Доктор неожиданно посерьезнел. Он снял очки и стал похож благодаря своим темным прозрачным глазам на черного ретривера. Отведя взгляд, он заговорил уже не так оживленно:
— Дело в том, друг мой, что насревает пренеприятное дело. Вы, наверно, будете смеяться — как будто ерунда, — однако я в серьесной беде. Или, точнее, мне гросит беда. Это подковерные дела. Вы, европейцы, никогда о них не уснаете напрямую. В этих местах, — он махнул рукой в сторону базара, — постоянные интриги и саговоры, о которых вы не снаете. Но для нас они много сначат.
— Так что тут происходит?
— А вот что. Против меня плетут саговор. Самый серьесный саговор, имеющий целью очернить меня и погубить мою официальную карьеру. Как англичанин, вы не поймете этих вещей. Я навлек на себя неприязнь одного человека, вы его вряд ли снаете — это Ю По Кьин, окружной судья. Он опаснейший человек. Неприятности, что он может доставить мне, неисчислимы.
— Ю По Кьин? Это какой такой?
— Сторовый субастый толстяк. Его дом там, дальше по дороге, через сотню ярдов.
— А, тот толстый прохвост? Хорошо его знаю.
— Нет-нет, друг мой, нет-нет! — воскликнул доктор с горячностью. — Вы его снать не можете. Только асиат может его снать. Вам, английскому джентльмену, не постичь такой натуры, как Ю По Кьин. Он больше, чем прохвост, он… как же это скасать? Слов не хватает. Он словно крокодил в человечьем обличье. У него коварство крокодила, его жестокость, его свирепость. Снали бы вы, на что он способен! Какие гадости творил! Вымогательства, фсятки! Сколько девушек испортил — насиловал их на гласах матерей! Эх, английский джентльмен не может помыслить такого человека. И такой человек поклялся меня погубить.
— Я наслышан о Ю По Кьине из разных источников, — сказал Флори. — Он, похоже, превосходный образчик бирманского законника. Один бирманец говорил мне, что во время войны Ю По Кьин набирал рекрутов и собрал целый батальон из своих внебрачных сыновей. Это правда?
— Едва ли так, — сказал доктор, — ведь он не настолько стар. Но в его подлости сомнений быть не может. А теперь он воснамерился погубить меня. Во-первых, он ненавидит меня потому, что я слишком много снаю о нем; а кроме того, он враг всякого расумно честного человека. Он пустит в ход — так действуют подобные ему — клевету. Будет распространять доносы на меня — доносы самые восмутительные и лживые. Он уже начал.
— Но кто же поверит такому малому против вас? Он всего лишь местный судья. А вы официальное лицо.

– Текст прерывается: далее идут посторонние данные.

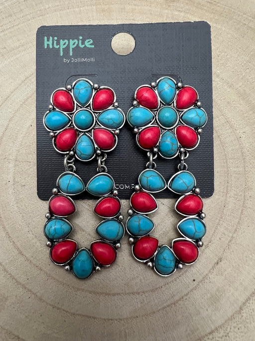 View full detailsFaux Turquoise and Coral Cluster Post Earrings These Faux Turquoise and Coral Cluster Post Earrings capture the spirit of the West with their vibra...

— А, мистер Флори, вам не понять асиатского коварства. Ю По Кьин погубил таких официальных лиц — повыше меня. Он найдет, как сделать, чтобы ему поверили. И потому… эх, трудное это дело!

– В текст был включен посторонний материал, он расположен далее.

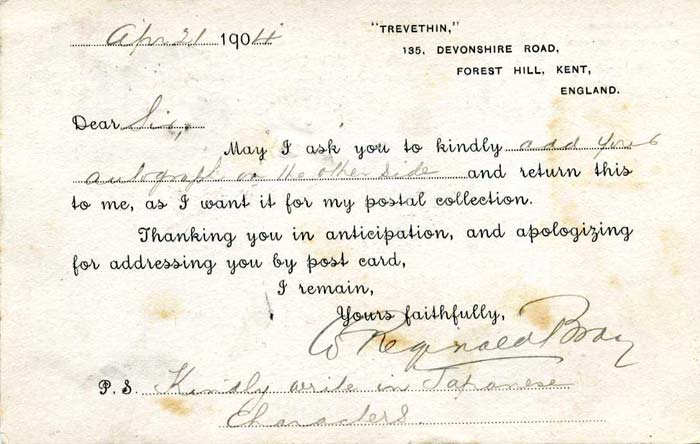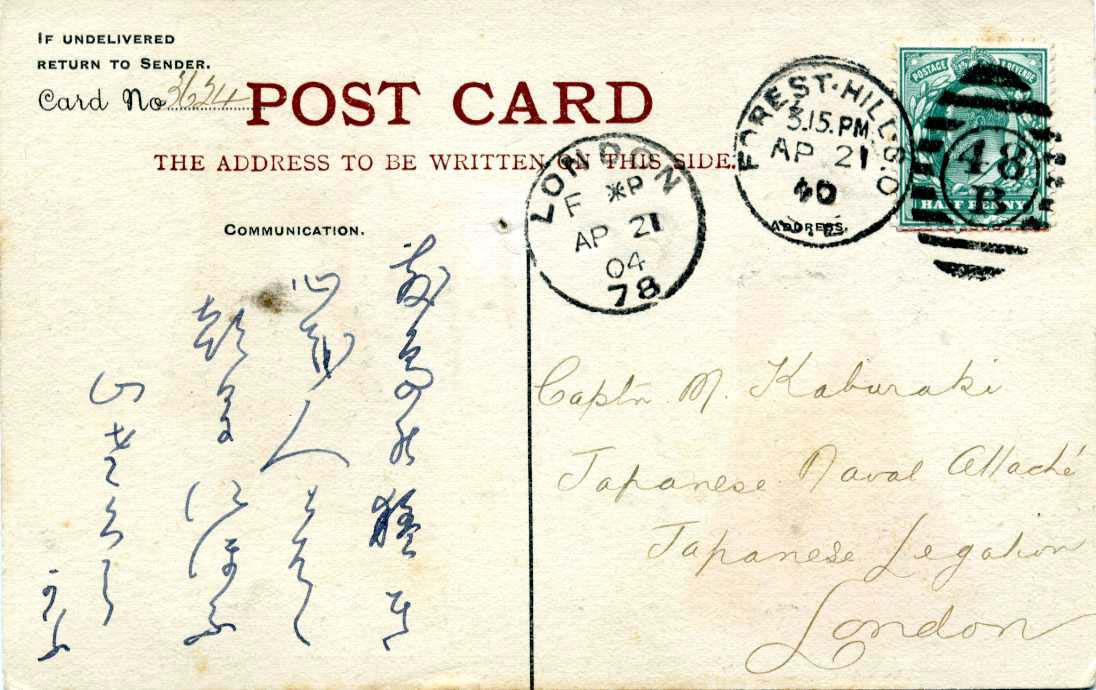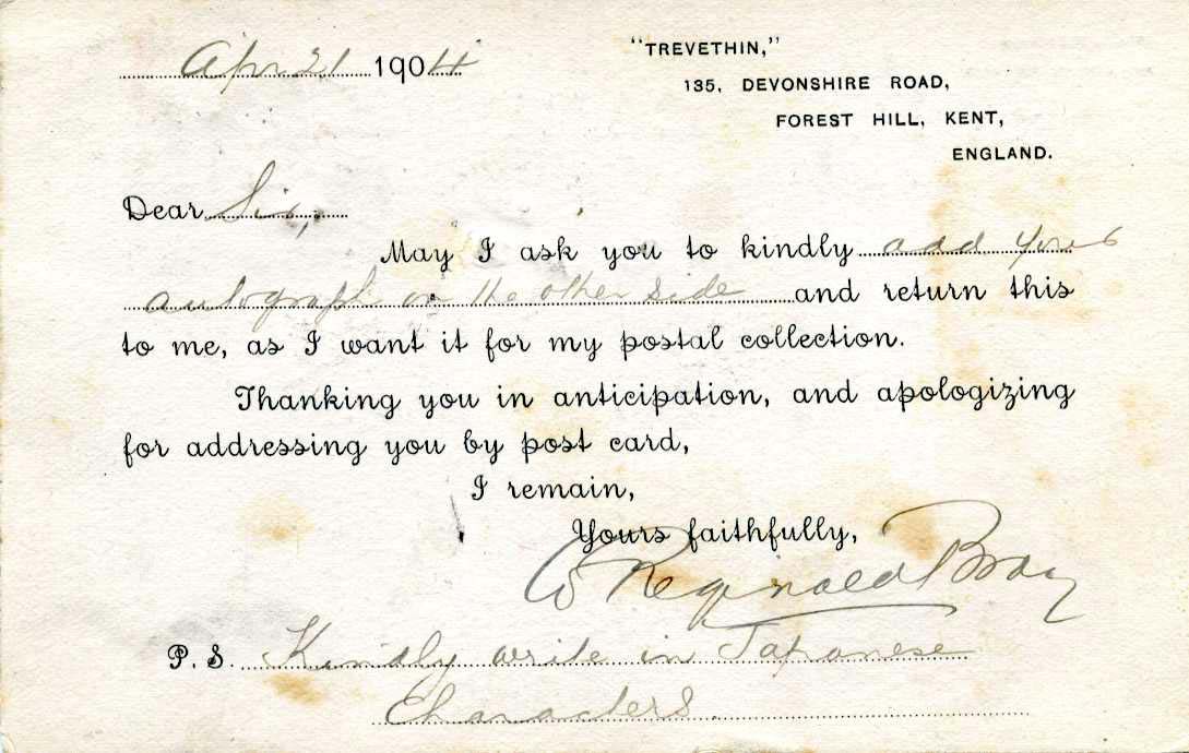 Postcard sent by Bray to Captain Kaburaki on 21st April 1904 asking for his autograph.

Доктор коротко прошелся туда-сюда по веранде, протирая очки платком. Очевидно, у него было что-то еще на уме, но деликатность не позволяла ему высказать это. На миг Флори стало настолько не по себе при виде доктора, что он готов был спросить, не может ли чем-то помочь, но сдержался, поскольку знал, что вмешиваться в склоки азиатов бессмысленно. Никакой европеец никогда не поймет до конца, в чем там дело; это что-то непостижимое для европейского разума, интрига на интриге и заговор на заговоре. К тому же один из Десяти заветов пакка-сахиба гласил не вмешиваться в склоки «туземцев».
— Так в чем, собственно, трудность? — спросил он неуверенно.
— Да вот, если бы только… ах, друг мой, боюсь, вы будете смеяться надо мной. Но дело вот в чем: если бы только я состоял в вашем Европейском клубе! Если бы только! Как по-другому все было бы для меня!